> [About this exercise]: Among the entries, which lines carry the string "after"? Copy every one.

> [Extracted entries]:
=== Section Start ===
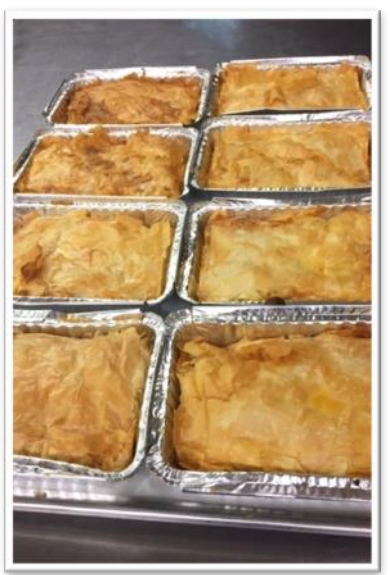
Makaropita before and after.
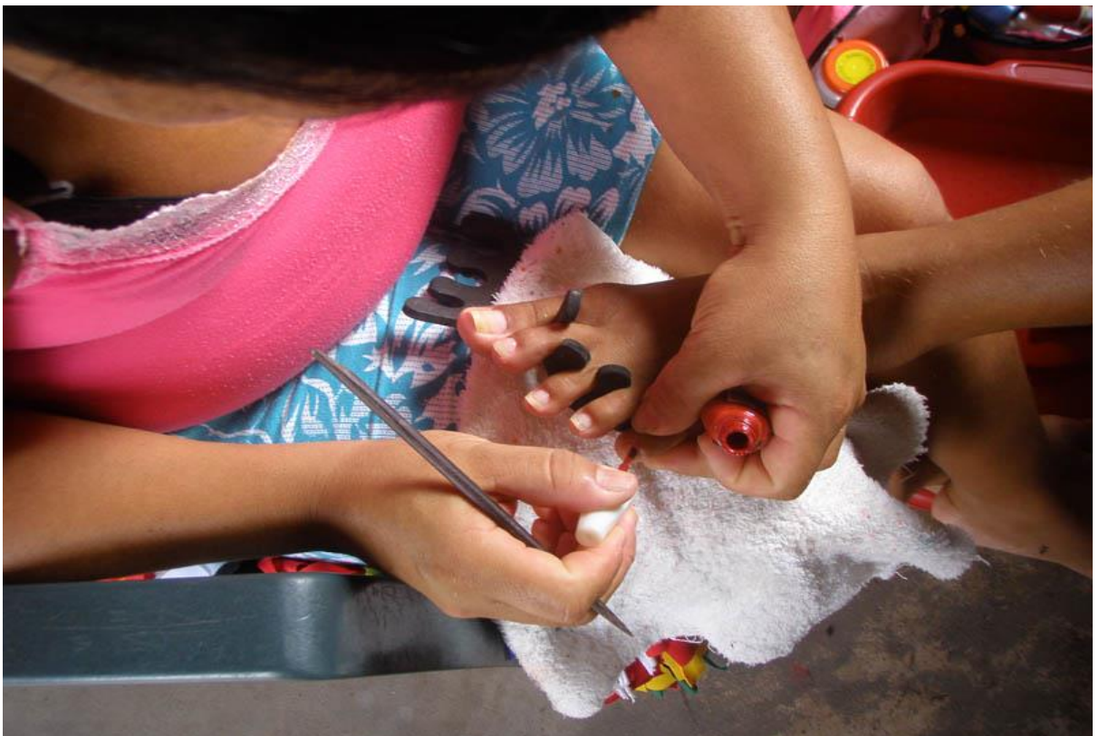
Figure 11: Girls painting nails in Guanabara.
=== Section End ===
=== Section Start ===
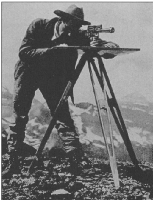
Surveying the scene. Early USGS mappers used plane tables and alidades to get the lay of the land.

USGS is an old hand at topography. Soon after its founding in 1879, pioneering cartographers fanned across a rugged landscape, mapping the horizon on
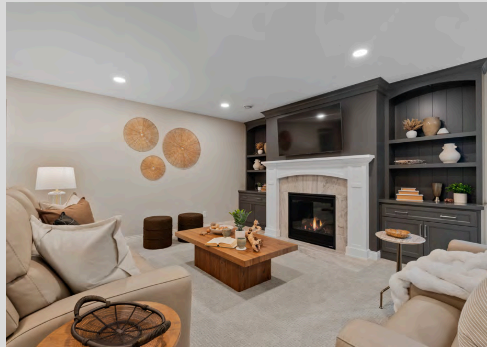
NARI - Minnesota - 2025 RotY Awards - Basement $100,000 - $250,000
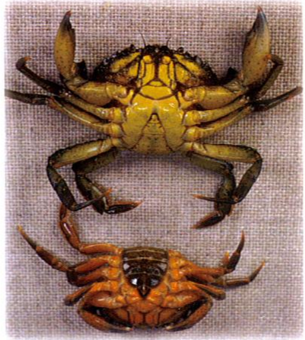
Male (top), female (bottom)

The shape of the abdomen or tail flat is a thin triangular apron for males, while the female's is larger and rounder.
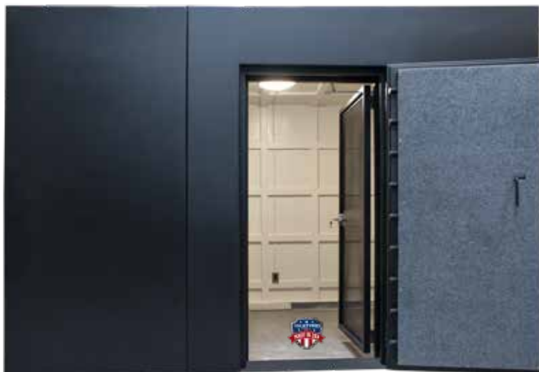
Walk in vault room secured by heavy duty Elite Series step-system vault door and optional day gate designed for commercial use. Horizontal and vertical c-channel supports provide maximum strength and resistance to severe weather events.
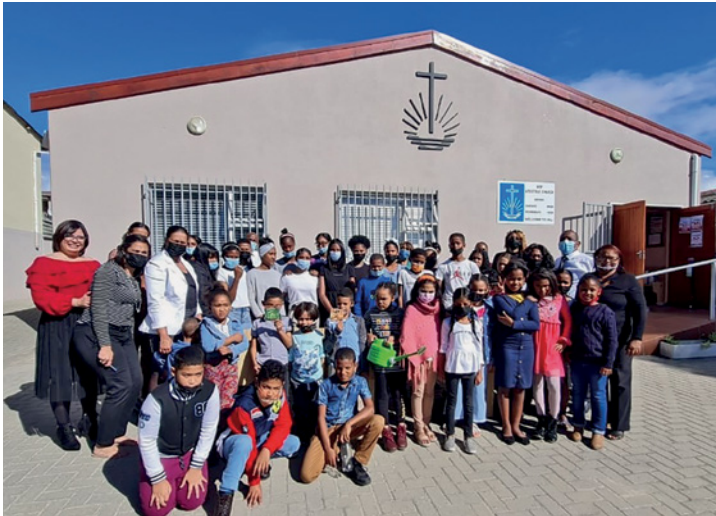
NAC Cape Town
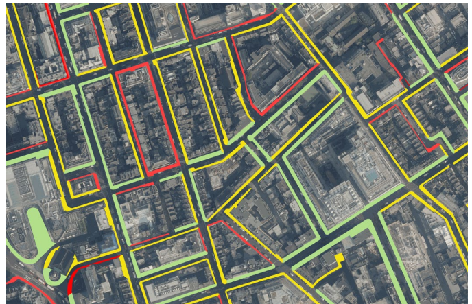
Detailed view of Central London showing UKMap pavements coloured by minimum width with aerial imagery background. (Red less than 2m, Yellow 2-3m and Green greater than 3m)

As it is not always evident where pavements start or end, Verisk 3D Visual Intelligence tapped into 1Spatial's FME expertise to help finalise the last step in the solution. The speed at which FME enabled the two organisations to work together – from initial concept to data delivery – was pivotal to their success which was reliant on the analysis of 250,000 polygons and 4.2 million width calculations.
=== Section End ===
=== Section Start ===
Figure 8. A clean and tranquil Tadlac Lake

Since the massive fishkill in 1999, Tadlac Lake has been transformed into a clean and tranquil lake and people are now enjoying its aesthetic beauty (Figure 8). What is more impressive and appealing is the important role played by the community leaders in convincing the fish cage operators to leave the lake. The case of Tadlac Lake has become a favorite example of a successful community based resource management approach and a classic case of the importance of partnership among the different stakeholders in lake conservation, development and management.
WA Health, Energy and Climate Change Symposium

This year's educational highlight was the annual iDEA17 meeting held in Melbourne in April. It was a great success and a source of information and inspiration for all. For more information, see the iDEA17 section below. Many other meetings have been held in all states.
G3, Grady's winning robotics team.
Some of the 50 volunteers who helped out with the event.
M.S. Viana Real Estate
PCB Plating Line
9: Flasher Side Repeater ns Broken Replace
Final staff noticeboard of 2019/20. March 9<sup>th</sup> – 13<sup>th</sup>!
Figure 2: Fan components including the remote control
=== Section End ===
> [Answer area]:
Makaropita before and after.
USGS is an old hand at topography. Soon after its founding in 1879, pioneering cartographers fanned across a rugged landscape, mapping the horizon on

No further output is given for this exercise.